Interaction is another component of genius. When we think of a genius, we tend to think of a singular person. However, there’s usually a supporting cast working alongside or behind the scenes of these men and women, allowing them opportunity to thrive.
The right circumstances
Intelligence and creativity mean very little without the right circumstances. Common threads include at least some means, hard work, a societal network and a supportive environment. “The supporting cast is extremely important,” says Hunt. “There’s this old saying, ‘You don’t ask Einstein to wash the dishes.’” Meaning, a genius is probably less likely to be bothered by everyday tasks, allowing him space to explore and create.
Hunt points to an American genius he knows, who he declined to name, but says has made major insights into his field. “As a 10- or 11-year-old, his family protected him,” he says. “He was off in the corner thinking. Geniuses are single-mindedly, extremely oriented toward their work.”
And close relatives, mentors and colleagues help encourage their work. For instance, Hunt mentions Sir Isaac Newton’s professor at Cambridge, who relinquished his position as Lucasian Professor of Mathematics in favor of his bright, young protege. The breaks have to go a bright person’s way.
You can be notably bright, but if you’re the time and place you’re born has everything to do with it. “The social setting has to be right,” Hunt says. “If you went deep into the Amazon and, lo and behold, found someone who had developed the wheel all on his own, would he be a genius? He was in the wrong society.”
If you trace geniuses back through the eras, you see a vivid cast of characters that were in contact and growing alongside, or just after, one another – and the ideas they were developing were in demand in each society. The Greeks, for instance, had an array of philosophers that are still relevant today, and intellectual thought was encouraged and supported.

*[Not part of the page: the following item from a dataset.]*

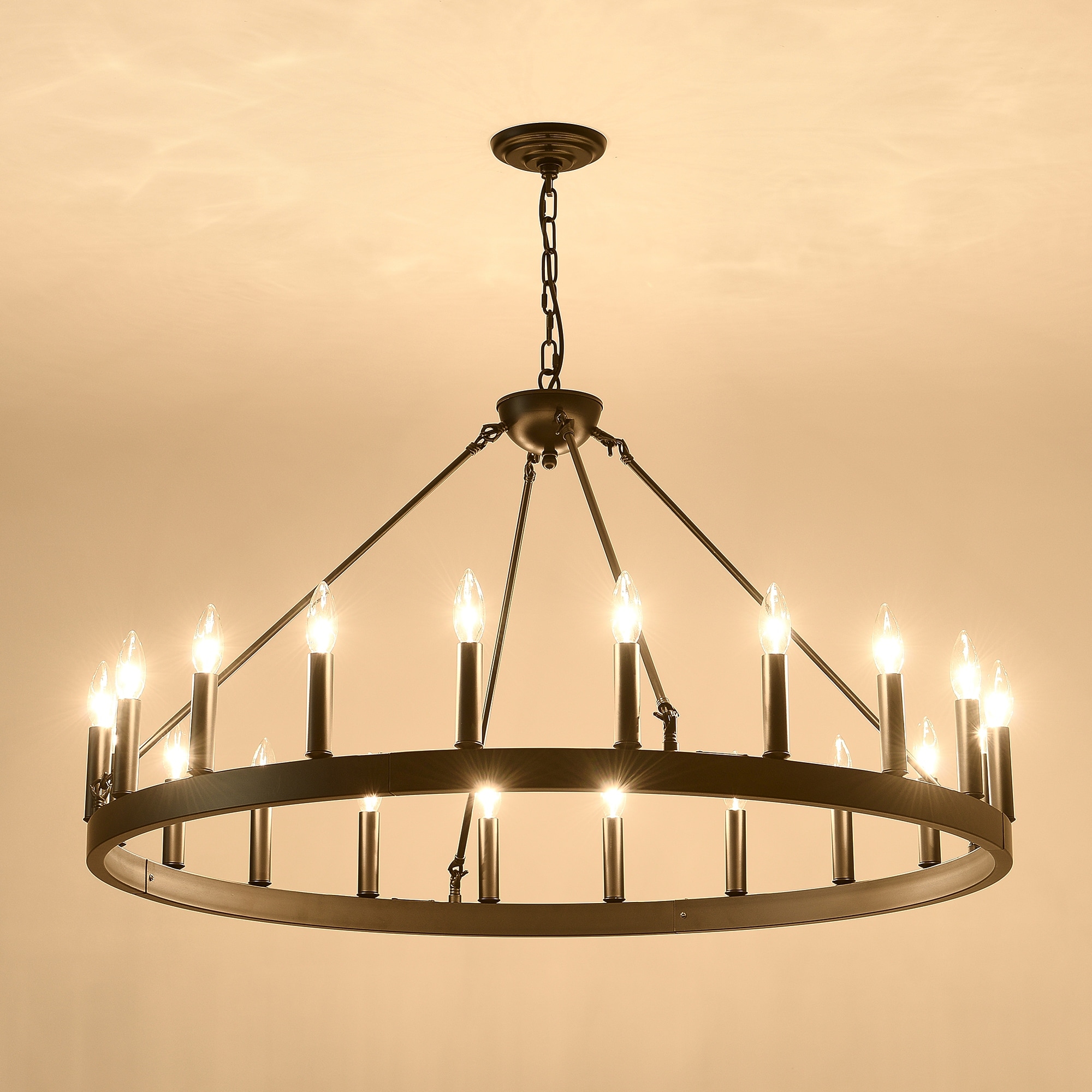 39.4" 20-Light Extra Large Wagon Wheel Chandelier, Farmhouse Industrial, Adjustable, E12

Edinburgh in the late 17th and 18th century was populated with thinkers like Locke, Hume and Rousseau, who gathered together with colleagues and traded ideas. In the 18th and 19th century, composers like Mozart and Beethoven emerged to great acclaim from expectant audiences.
The historical venue was as important for major contributors’ work as their raw intelligence. “Having a society that valued and supported their ideas, giving them stable employment, made all the difference – having a core group to exchange ideas,” Hunt says. “The other advantage is that they were often first. The second to prove the Pythagorean Theorem won’t be considered that great a guy.”
To sum up, being smart isn’t everything. “I think most Americans vastly overrate personal quality,” Hunt says. “Most geniuses succeeded because everything fell just right.”
So what about Harold Ekeh, the Long Island high-school student who was accepted to all eight Ivies? Does he have a swimming chance?
Smarts, support, tenacity and luck might be the winningest predictive combination, but ultimately, genius is a developing mystery. “Brain power gets you in the race, but that’s all it gets you,” says Hunt. “We can measure the function, how fast they learn, individual differences in how the brain performs — but our ability to predict genius is really beyond anybody’s guess. Part of it is inspiration, part of it is perspiration.”